1. Took the kids to Chik-fil-A after their dentist appointments. While waiting in line I pondered the fact that almost all of the restaurant's crew was ethnically white. Then I realized that the Taco Bell next door to the Chik-fil-A has an almost completely black crew. This is strange because the area we live in is very diverse; almost equally white, hispanic, and black.

I doubt either restaurant owner intentionally set out to have such a one-sided group of employees, or I at least hope they didn't set out with that motivation. Still, it made me wonder how exactly it happened that way and if the employees ever noticed it.

2. The Rationalist was talking about having to pick an inventor or scientist for a research project. He's picked Thomas Edison. After talking about some of the things he invented, I tried to explain to them that before Edison if a person wanted to hear music, they had to either go and listen to a concert or band somewhere, or learn how to play music themselves. There was no such thing as being able to listen to music by oneself, at any moment of one's own choosing. Even I was given pause as I thought about that. The Intuitve said in a creepy voice,"So now we can hear dead people's voices!" When I asked him what he meant, he explained that we can hear musicians who lived and recorded music a long time ago, even though they are no longer alive. It's true....we have a level of communication with the "dead". These are the kinds of comments that have earned my youngest child the label of The Intuitive.

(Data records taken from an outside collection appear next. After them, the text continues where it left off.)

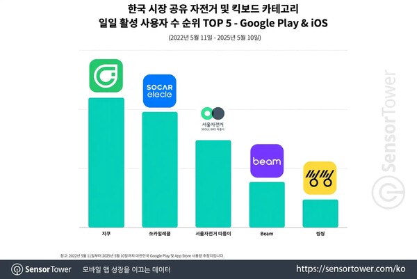《지쿠》, 아시아 공유 자전거 및 킥보드 앱 중 일일 활성 사용자 수 2위… 한국에서는 1위
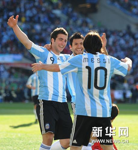 6月17日,阿根廷隊球員貢薩羅·伊瓜因(左)在比賽中和梅西(前)等慶祝進球。當日,在約翰內斯堡舉行的2010年南非世界杯小組賽B組比賽中,阿根廷隊迎戰韓國隊。新華社記者郭勇攝
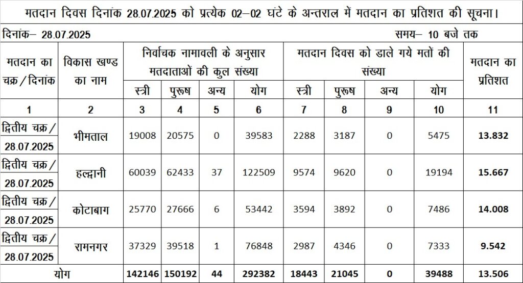 नैनीताल जिले के चार विकास खंडों में अब तक 13% मतदान हुआ है
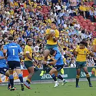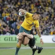 Israel Folau is an Australian international rugby player. Folau plays as a fullback primarily, however, he can, and has, played in other roles such as centre and wing. Folau plays for the New South Wales Waratahs in the Super Rugby.
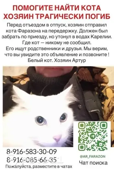 Ищем белого кота Фаразона. Его хозяин, Артур, трагически погиб 2 дня назад в походе на Ладожском озере, утонул. Кота перед походом отдал на передержку, вероятно с 3 по 6 февраля. Где именно находится кот, хозяин никому не сообщил. Друзья и родственники ищут по всей Москве и Московской области. Кота не бросили, не забыли, он нужен, его заберут. Помогите нам в этой беде.

3. While the kids played inside tubular gymnasium, The Rationalist semi-flirted--at least as much as an almost-ten-year-old can flirt--with a girl of about thirteen. At one point in their "game" he simply shook his head and said knowingly, "Gosh....teenage girls these days."

He cracks me up.

Thursday, April 29, 2010

Brag Blog











The Rationalist and his fellow teammates came in third place in their school's Battle of the Books contest. I was pleased that they at least placed. The Rationalist has been a part of many competitions and always missed making it into the top three.

Next week brings the Math Bowl for The Intuitive, a nerve-wracking, timed competition that is torture for me to watch. I can't handle hearing the beeping timer and watching the team members arguing about the right answer while they lose time, which also means they earn less points.

The Rationalist has become a SPIT--Safety Patrol In Training--following in my elementary footsteps. I have yet to tell him I got kicked out of the Safety Patrols for being a serial procrastinator who never turned in homework. Maybe I'll keep that to myself. Knowing my son, I'd lose all respect in his eyes.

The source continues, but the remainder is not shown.